Records for this exercise
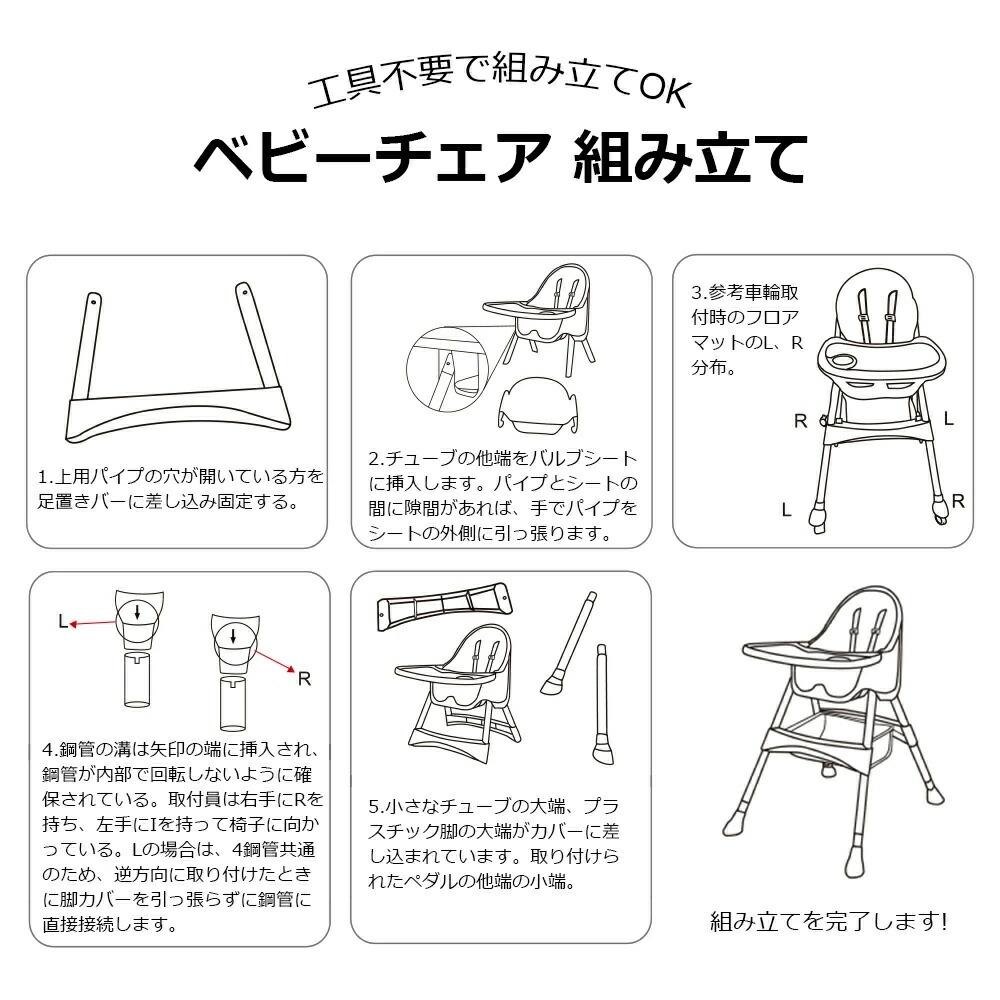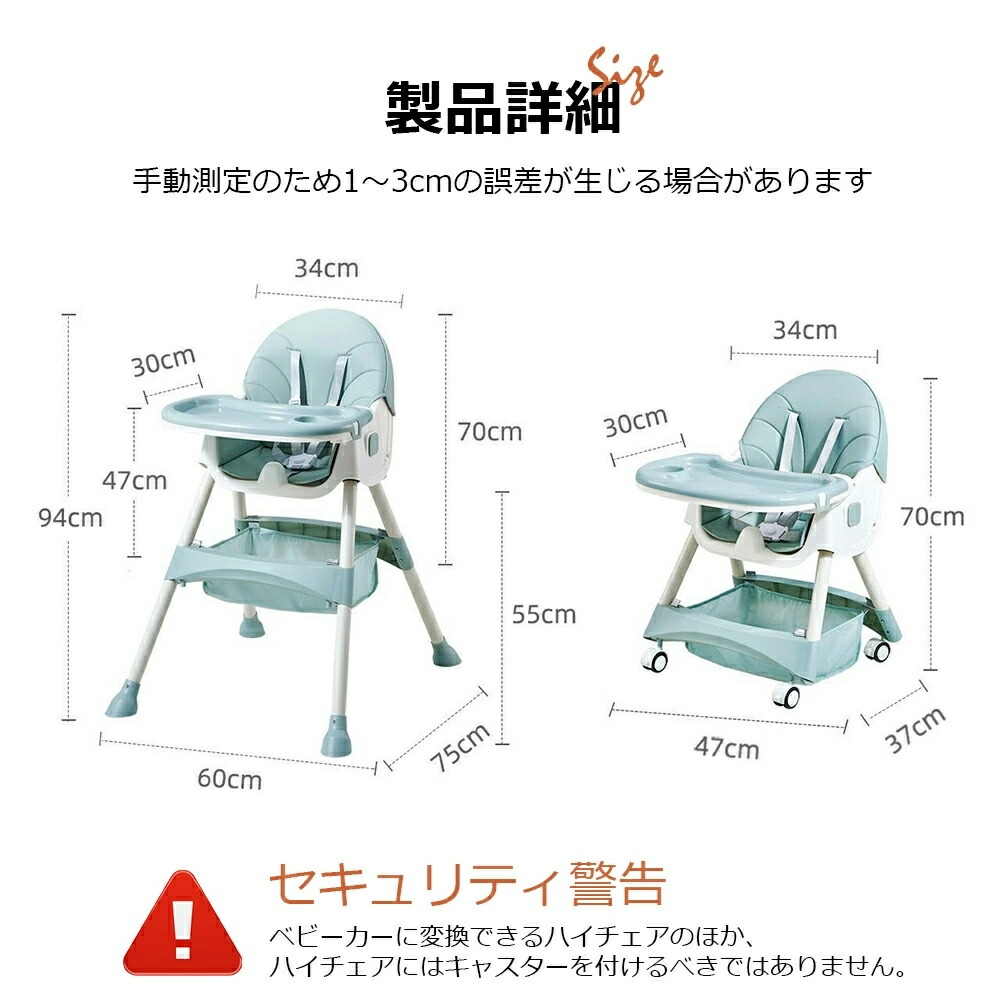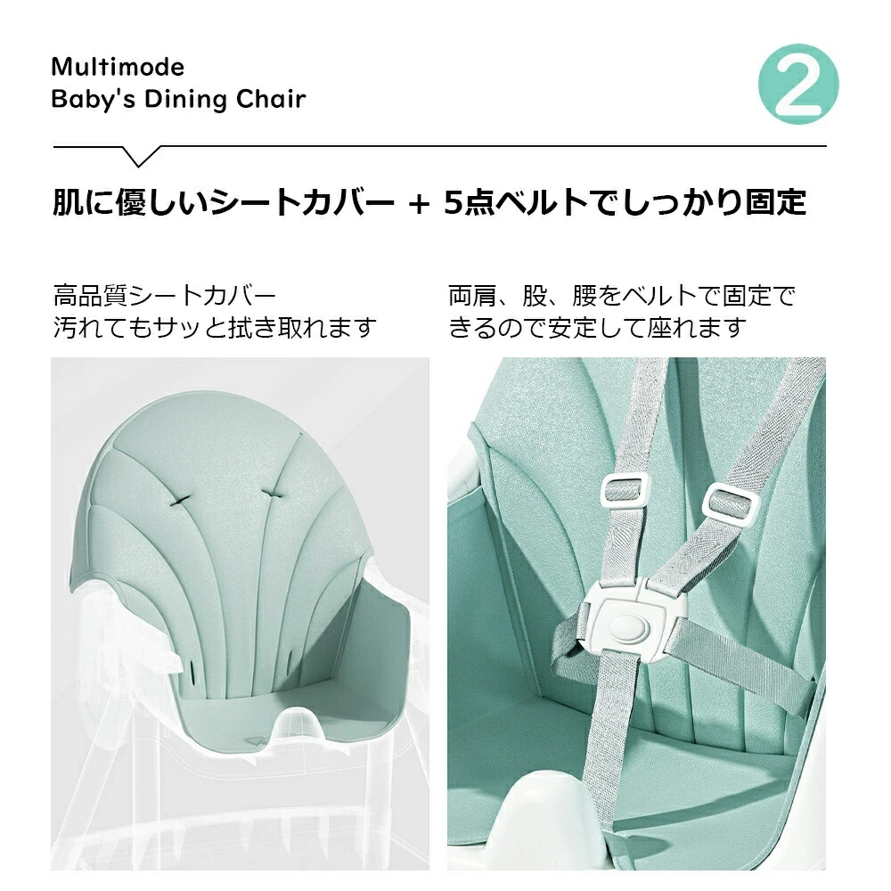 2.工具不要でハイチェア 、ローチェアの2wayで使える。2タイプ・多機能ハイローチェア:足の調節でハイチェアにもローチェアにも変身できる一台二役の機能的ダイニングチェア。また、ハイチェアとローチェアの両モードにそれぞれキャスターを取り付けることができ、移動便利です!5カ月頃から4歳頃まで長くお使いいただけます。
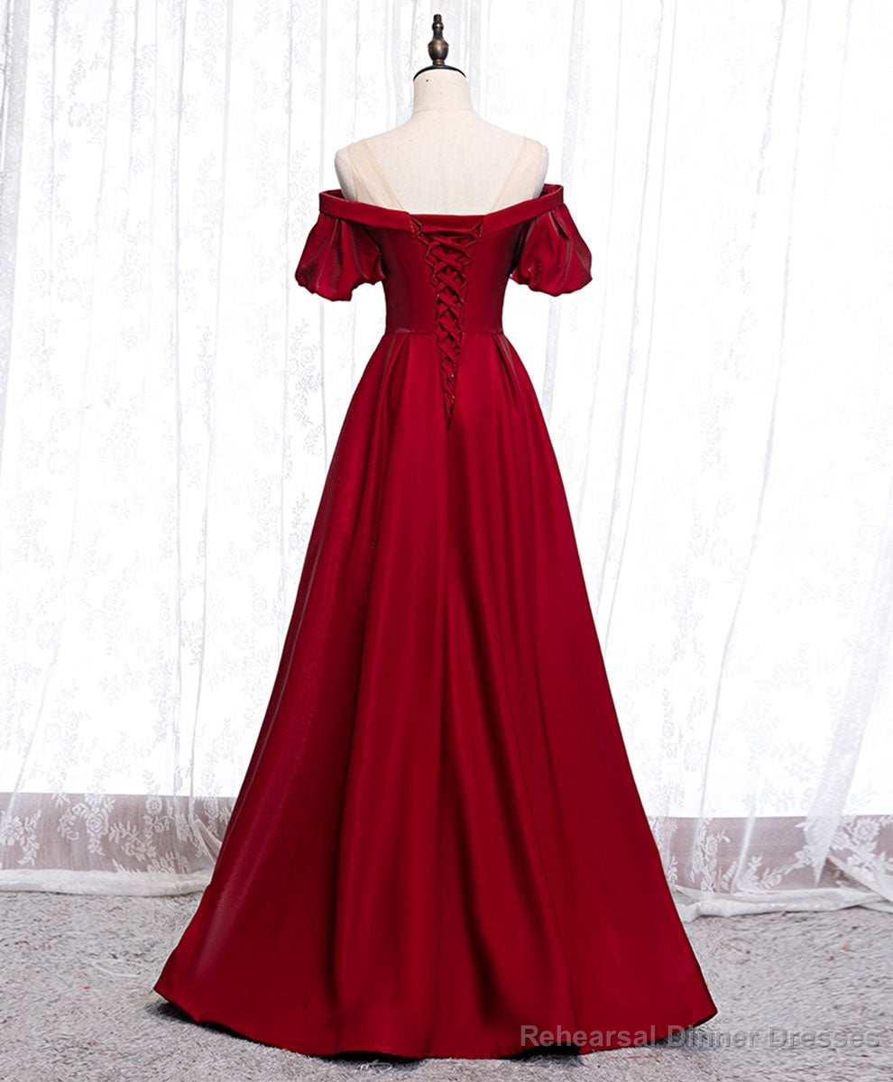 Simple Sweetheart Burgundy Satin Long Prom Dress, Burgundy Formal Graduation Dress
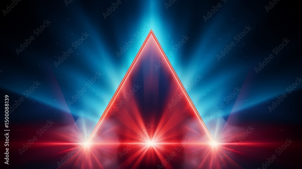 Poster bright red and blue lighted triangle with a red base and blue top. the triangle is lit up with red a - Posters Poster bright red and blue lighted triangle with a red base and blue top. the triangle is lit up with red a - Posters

---

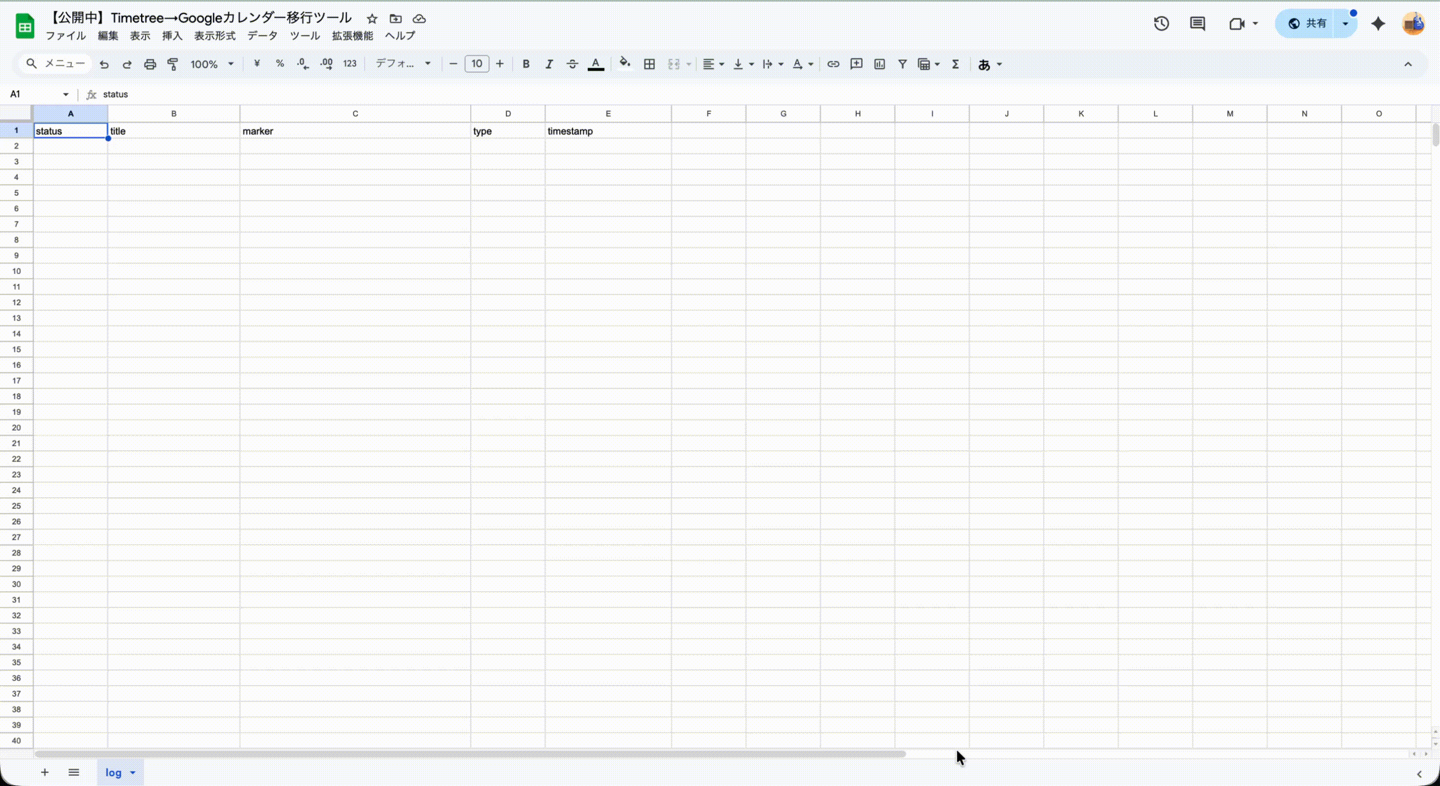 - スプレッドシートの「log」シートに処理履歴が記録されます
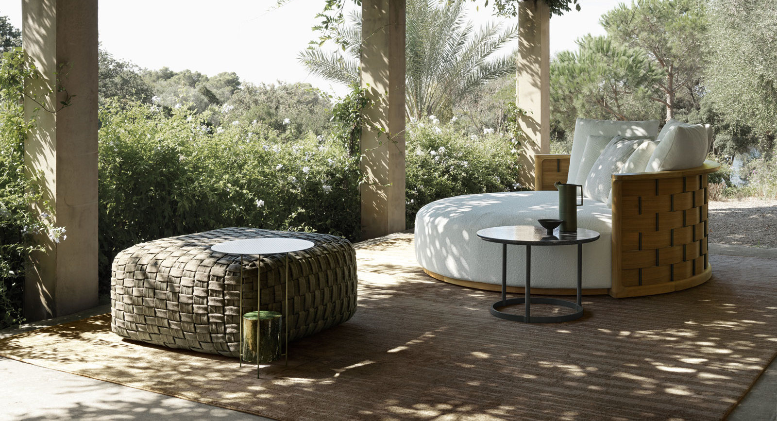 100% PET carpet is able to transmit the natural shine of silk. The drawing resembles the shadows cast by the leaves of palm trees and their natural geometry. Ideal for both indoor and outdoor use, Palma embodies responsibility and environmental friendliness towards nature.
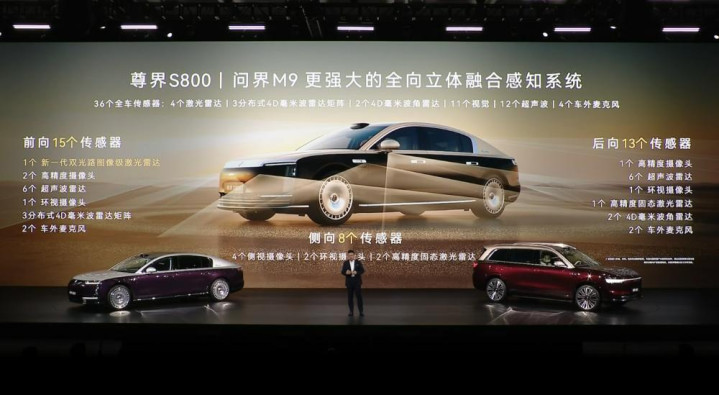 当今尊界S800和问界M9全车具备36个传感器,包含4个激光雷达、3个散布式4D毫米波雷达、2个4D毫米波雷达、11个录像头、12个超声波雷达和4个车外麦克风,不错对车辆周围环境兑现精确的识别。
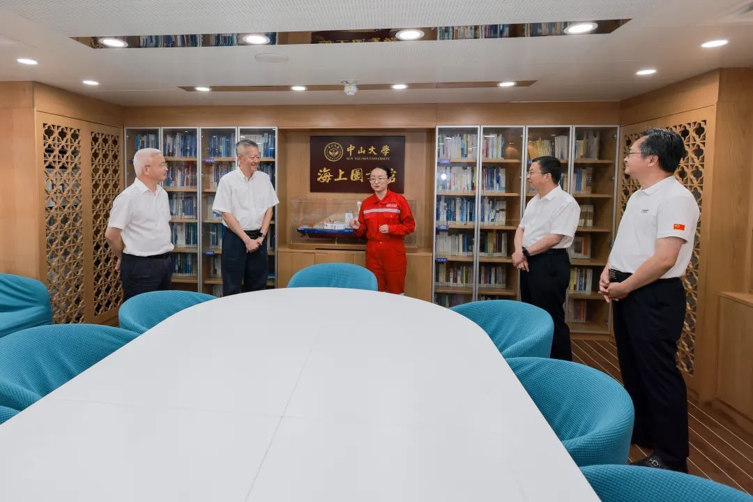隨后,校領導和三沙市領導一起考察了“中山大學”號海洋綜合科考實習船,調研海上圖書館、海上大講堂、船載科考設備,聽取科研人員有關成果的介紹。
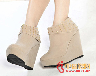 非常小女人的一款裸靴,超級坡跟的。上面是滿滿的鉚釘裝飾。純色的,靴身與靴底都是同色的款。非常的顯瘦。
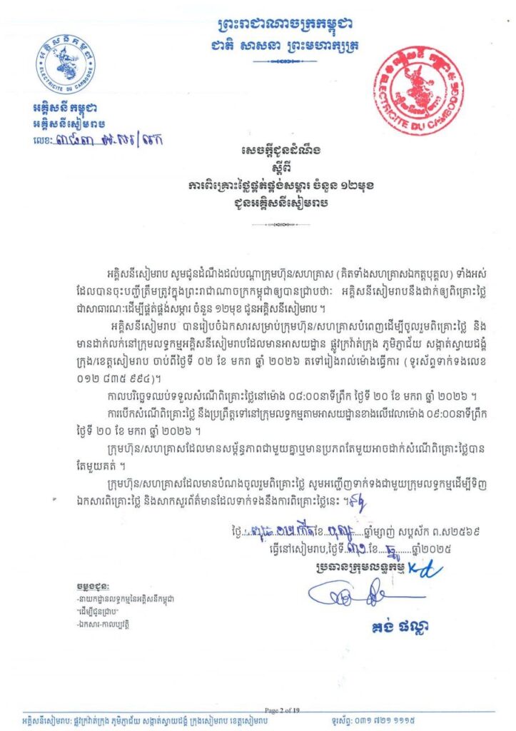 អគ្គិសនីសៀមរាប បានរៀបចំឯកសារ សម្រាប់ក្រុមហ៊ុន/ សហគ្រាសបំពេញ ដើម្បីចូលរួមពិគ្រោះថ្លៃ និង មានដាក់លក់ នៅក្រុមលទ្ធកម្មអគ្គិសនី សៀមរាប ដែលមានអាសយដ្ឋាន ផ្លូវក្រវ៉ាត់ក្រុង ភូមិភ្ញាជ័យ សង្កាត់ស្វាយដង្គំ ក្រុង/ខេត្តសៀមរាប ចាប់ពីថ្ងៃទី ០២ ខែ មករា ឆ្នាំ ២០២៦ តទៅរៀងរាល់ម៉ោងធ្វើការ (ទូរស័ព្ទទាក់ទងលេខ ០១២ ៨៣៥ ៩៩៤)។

* * *

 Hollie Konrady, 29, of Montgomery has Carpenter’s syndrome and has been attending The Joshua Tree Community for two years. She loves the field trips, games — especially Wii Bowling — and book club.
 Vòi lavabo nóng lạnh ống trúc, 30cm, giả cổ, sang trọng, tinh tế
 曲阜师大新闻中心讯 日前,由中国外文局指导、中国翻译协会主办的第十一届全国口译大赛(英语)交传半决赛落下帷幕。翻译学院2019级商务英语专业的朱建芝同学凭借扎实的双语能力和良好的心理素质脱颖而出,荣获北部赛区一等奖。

Exercise objective
Beginning with the line above that contains "2.工具不要でハイチェア 、" and finishing with the line that contains "Simple Sweetheart Burgundy", print those lines exactly and only. Skip all pictures.

Exercise response
 2.工具不要でハイチェア 、ローチェアの2wayで使える。2タイプ・多機能ハイローチェア:足の調節でハイチェアにもローチェアにも変身できる一台二役の機能的ダイニングチェア。また、ハイチェアとローチェアの両モードにそれぞれキャスターを取り付けることができ、移動便利です!5カ月頃から4歳頃まで長くお使いいただけます。
 Simple Sweetheart Burgundy Satin Long Prom Dress, Burgundy Formal Graduation Dress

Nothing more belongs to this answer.